When I have taught introductory electricity and magnetism for engineers and physics majors at the University of Nebraska-Lincoln, I have used a textbook by Young and Freedman. (Wow, look at the price of that book! But that’s a topic for another day.) The first page of Chapter 28, “Sources of Magnetic Field,” features this photo:
It shows the cryostat that contains the solenoid magnet for the Compact Muon Solenoid experiment. Yes, “solenoid” is part of the experiment’s name, as it is a key element in the design of the detector. There is no other magnet like it in the world. It can produce a 4 Tesla magnetic field, 100,000 times greater than that of the earth. (We actually run at 3.8 Tesla.) Charged particles that move through a magnetic field take curved paths, and the stronger the field, the stronger the curvature. The more the path curves, the more accurately we can measure it, and thus the more accurately we can measure the momentum of the particle.

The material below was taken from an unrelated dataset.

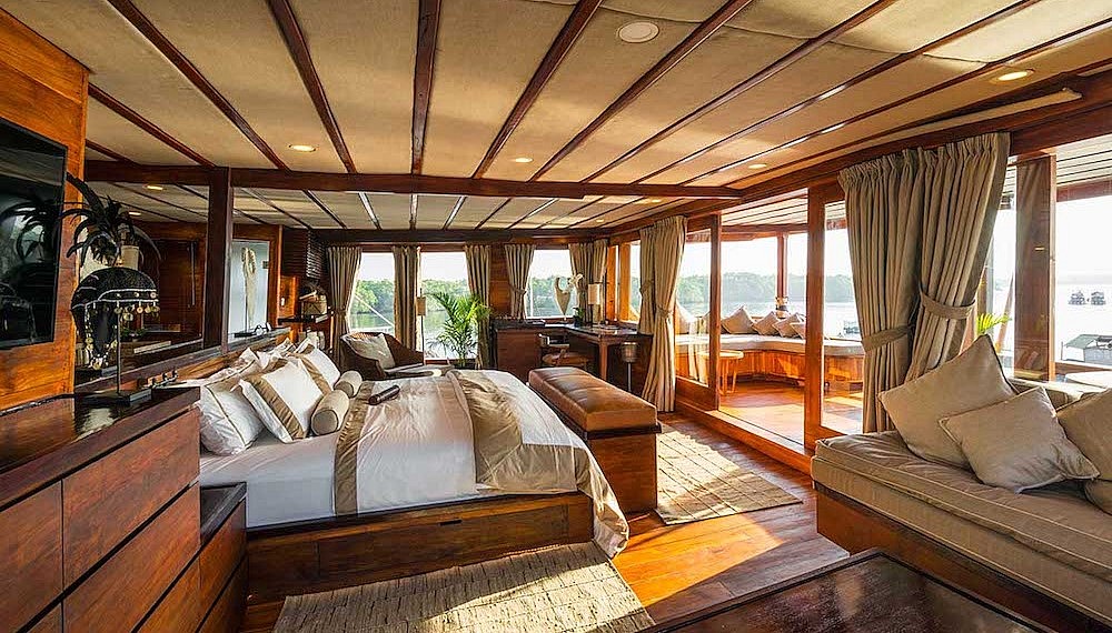 The new 180-foot/91-m long ship has been designed in the style of ancient Indonesian Phinisi vessels, featuring two masts and built entirely by hand out of ironwood and teak according to traditional methods. This, however, is where any hint at rustic stops, giving way to the kind of plush experience Atzaró’s Ibiza regulars have come to expect. Nine suites are spread across four decks, offering up plenty of privacy should you set sail with strangers (though we’d recommend chartering the ship out), and all feature palatial beds, vintage furnishings, and floor-to-ceiling windows that show off the aquamarine waters at every turn.

The magnet is superconducting; it is kept inside a cryostat that is full of liquid helium. With a diameter of seven meters, it is the largest superconducting magnet ever built. When in its superconducting state, the magnet wire carries more than 18,000 amperes of current, and the energy stored is about 2.3 gigajoules, enough energy to melt 18 tons of gold. Should the temperature inadvertently rise and the magnet become normal conducting, all of that energy needs to go somewhere; there are some impressively large copper conduits that can carry the current to the surface and send it safely to ground. (Thanks to the CMS web pages for some of these fun facts.)
With the start of the LHC run just weeks away, CMS has turned the magnet back on by slowly ramping up the current. Here’s what that looked like today:
You can see that they took a break for lunch! It is only the second time since the shutdown started two years ago that the magnet has been ramped back up, and now we’re pretty much going to keep it on for at least the rest of the year. From the experiment’s perspective, the long shutdown is now over, and the run is beginning. CMS is now prepared to start recording cosmic rays in this configuration, as a way of exercising the detector and using the observed muon to improve our knowledge of the alignment of detector components. This is a very important milestone for the experiment as we prepare for operating the LHC at the highest collision energies ever achieved in the laboratory!